Development and Application of Digital Soil Mapping Within Traditional Soil Survey: What will it Grow Into?
In this Chapter we describe our use of digital soil mapping estimates as input to traditional field soil survey in California, U.S.A. We also describe the development of these raster soil property models as stand-alone products, and practical implications of their use. This Chapter deals with application of existing digital soil mapping tools in active soil surveys, rather than research of new methods.
The soil survey program in the United States is nearing completion of “once-over” coverage of the nation. Many potential soil survey users in the remaining unmapped areas expect to use traditional polygon-based soil maps.

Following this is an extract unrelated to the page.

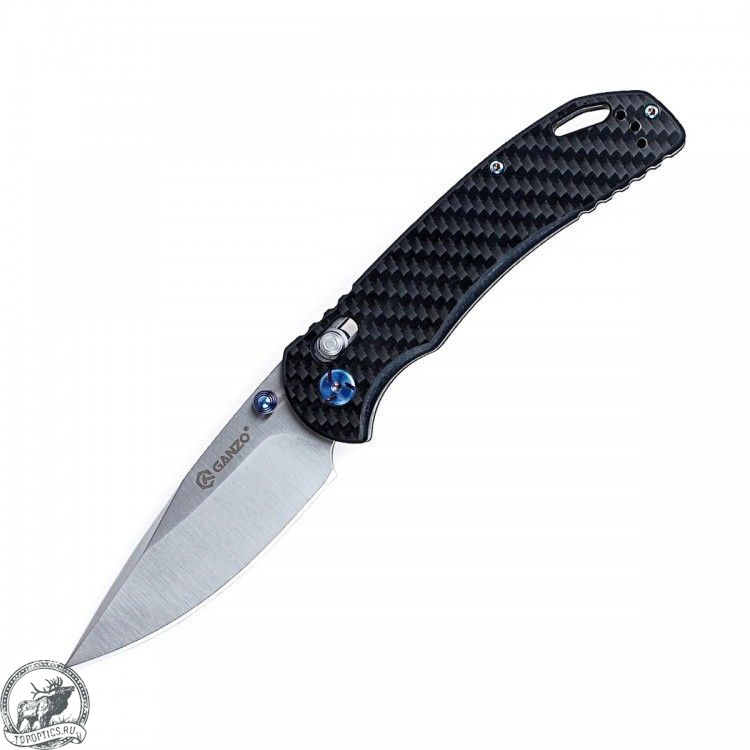 Также, важной деталью ножа Ganzo G7531-CF является замок, который блокирует ход лезвия по оси. Клинок удерживается в полностью открытом или закрытом состоянии. Случайное изменение этого положения исключается и пользователь может быть уверен в своей безопасности во время перевозки ножа, не беспокоиться о возможности его случайного складывания во время работы. Название модели замка, которую производители выбрали для данного ножа, - Axis.

Soil-landscape models based on field point data have been developed in support of selected soil survey projects. We expand on our previous models in a test area that has existing point data and polygon soil mapping. New soil-forming factor covariates (IFSAR elevation data and ASTER satellite images) are used to derive the models. Minor improvements in the model estimates were obtained. Then significant variables from these models are used to test the feasibility of the creation of field soil survey office tools.
We feel that raster soil-landscape models are a developmental product of soil survey. They are just becoming useful as pre-mapping estimates of the spatial distribution of some individual soil properties. The explicit estimation of all significant soil properties based on a suite of individual models is still to be developed. This is required before informed land management decisions can be based on digital soil mapping.
Since natural resource management methods and regulations are coordinated locally, regionally, and nationally, standards for the creation and implementation of these models are required for consistent and coordinated outputs within a nation.